Combien ce spectacle de la Babel gnostique, élevant ses matériaux incohérents sur les eaux de l’orgueil ou des passions immondes, était de nature à faire ressortir l’admirable unité présidant aux accroissements de la cité sainte ! Saint Irénée, choisi de Dieu pour opposer à la Gnose les arguments de sa puissante logique et rétablir contre elle le sens véritable des Écritures, excellait plus encore, quand, en face des mille sectes portant si ouvertement la marque du père de la division et du mensonge, il montrait l’Église gardant pieusement dans l’univers entier la tradition reçue des Apôtres. La foi à la Trinité sainte gouvernant ce monde qui est son ouvrage, au mystère de justice et de miséricorde qui, délaissant les anges tombés, a relevé jusqu’à notre chair en Jésus le bien-aimé, fils de Marie, notre Dieu, notre Sauveur et Roi : tel était le dépôt que Pierre et Paul, que les Apôtres et leurs disciples avaient confié au monde [5]. « L’Église donc, constate saint Irénée dans son pieux et docte enthousiasme, l’Église ayant reçu cette foi la garde diligemment, faisant comme une maison unique de la terre où elle vit dispersée : ensemble elle croit, d’une seule âme, d’un seul cœur ; d’une même voix elle prêche, enseigne, transmet la doctrine, comme n’ayant qu’une seule bouche. Car, encore bien que dans le monde les idiomes soient divers, cela pourtant n’empêche point que la tradition demeure une en sa sève. Les églises fondées dans la Germanie, chez les Ibères ou les Celtes, ne croient point autrement, n’enseignent point autrement que les églises de l’Orient, de l’Égypte, de la Libye, ou celles qui sont établies au centre du monde. Mais comme le soleil, créature de Dieu, est le même et demeure un dans l’univers entier : ainsi l’enseignement de la vérité resplendit, illuminant tout homme qui veut parvenir à la connaissance du vrai. Que les chefs des églises soient inégaux dans l’art de bien dire, la tradition n’en est point modifiée : celui qui l’expose éloquemment ne saurait l’accroître ; celui qui parle avec moins d’abondance ne la diminue pas » [6].

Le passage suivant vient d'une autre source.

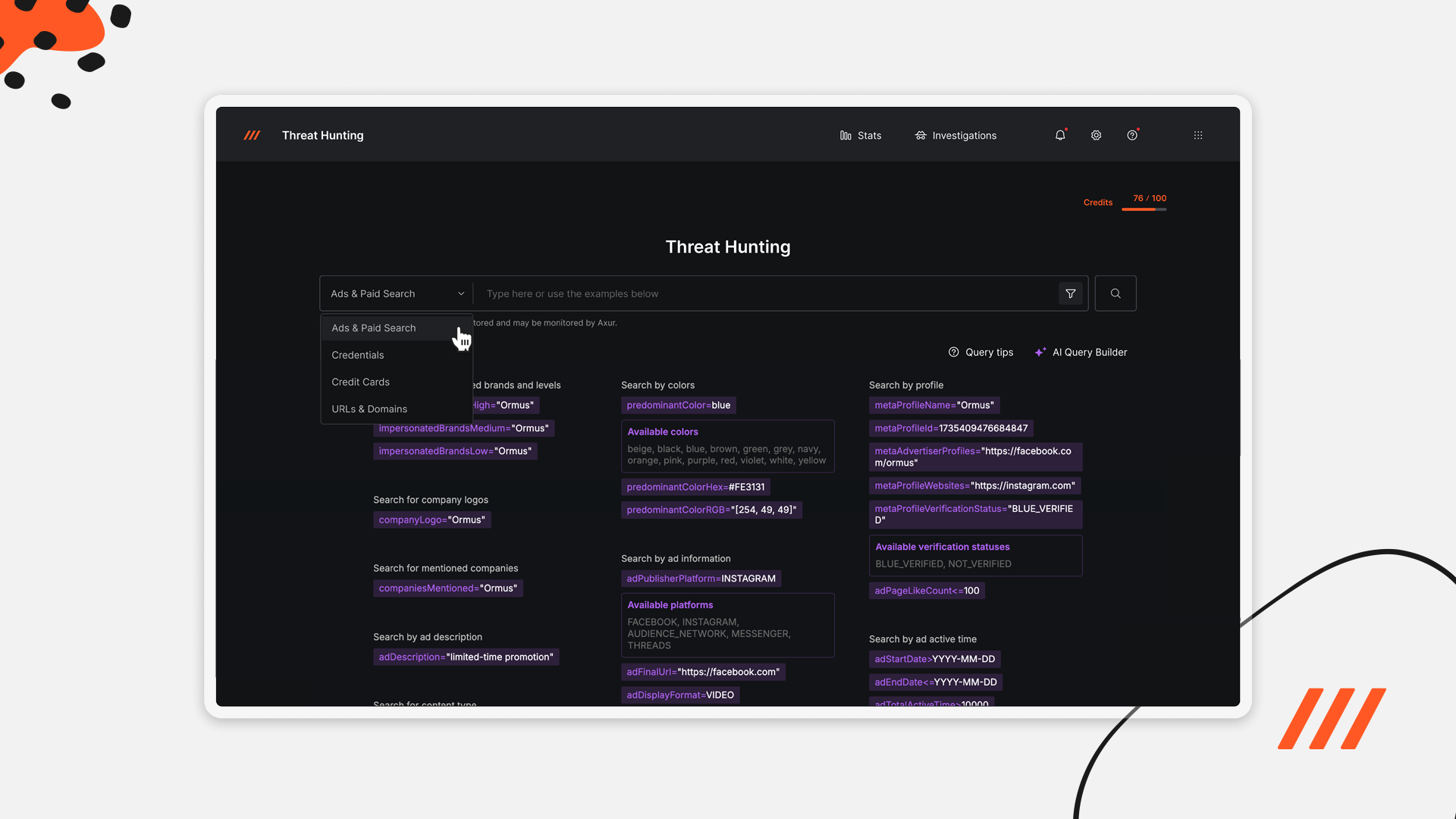 Em essência, nossa solução de Threat Hunting funciona como um mecanismo de busca que permite investigar incidentes envolvendo credenciais expostas, cartões de crédito, URLs e domínios e anúncios e busca paga.

Unité sainte, foi précieuse déposée comme un ferment d’éternelle jeunesse en nos cœurs, ceux-là ne vous connaissent point qui se détournent de l’Église. S’éloignant d’elle, ils perdent Jésus et tous ses dons. « Car où est l’Église, là est l’Esprit de Dieu ; et où se trouve l’Esprit de Dieu, là est l’Église et toute grâce. Infortunés qui s’en séparent, ils ne puisent point la vie aux mamelles nourrissantes où les appelait leur mère, ils n’étanchent point leur soif à la très pure fontaine du corps du Sauveur ; mais, loin de la pierre unique, ils s’abreuvent à la boue des citernes creusées dans le limon fétide où ne séjourne point l’eau de la vérité » [7]. Sophistes pleins de formules et vides du vrai, que leur servira leur science ? « Oh ! combien, s’écrie l’évêque de Lyon dans un élan dont l’auteur de l’Imitation semblera s’inspirer plus tard [8] combien meilleur il est d’être ignorant ou de peu de science, et d’approcher de Dieu par l’amour ! Quelle utilité de savoir, de passer pour avoir beaucoup appris, et d’être ennemi de son Seigneur ? Et c’est pourquoi Paul s’écriait : La science enfle, mais la charité édifie [9]. Non qu’il réprouvât la vraie science de Dieu : autrement, il se fût condamné lui-même le premier ; mais il voyait que quelques-uns, s’élevant sous prétexte de science, ne savaient plus aimer. Oui certes, pourtant : mieux vaut ne rien du tout savoir, ignorer les raisons des choses, et croire à Dieu et posséder la charité. Évitons la vaine enflure qui nous ferait déchoir de l’amour, vie de nos âmes ; que Jésus-Christ, le Fils de Dieu, crucifié pour nous, soit toute notre science » [10].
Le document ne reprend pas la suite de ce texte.